◆ TASK BRIEF
Everything from the line with "Please be informed" to the end of the data below, both lines included, should be transcribed exactly; please omit the pictures.

◆ DATA SEGMENT
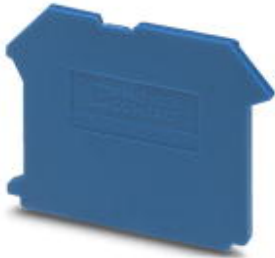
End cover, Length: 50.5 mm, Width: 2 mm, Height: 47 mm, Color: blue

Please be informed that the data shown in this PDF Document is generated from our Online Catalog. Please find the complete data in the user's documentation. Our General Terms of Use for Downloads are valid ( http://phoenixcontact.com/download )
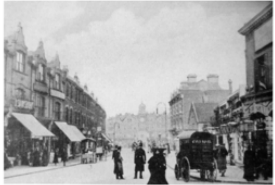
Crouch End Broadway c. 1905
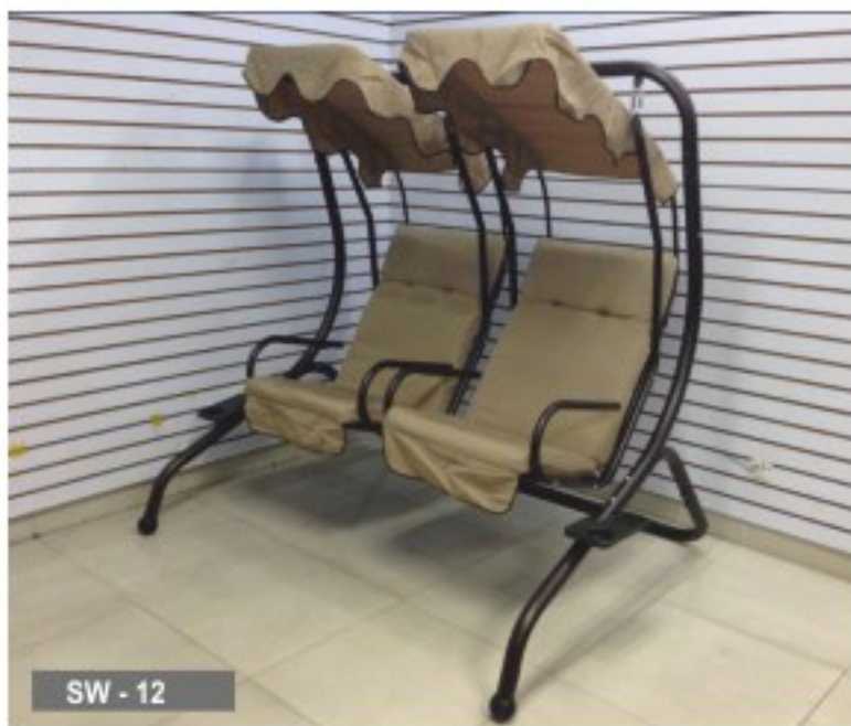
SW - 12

◆ EXERCISE SOLUTION
Please be informed that the data shown in this PDF Document is generated from our Online Catalog. Please find the complete data in the user's documentation. Our General Terms of Use for Downloads are valid ( http://phoenixcontact.com/download )
Crouch End Broadway c. 1905
SW - 12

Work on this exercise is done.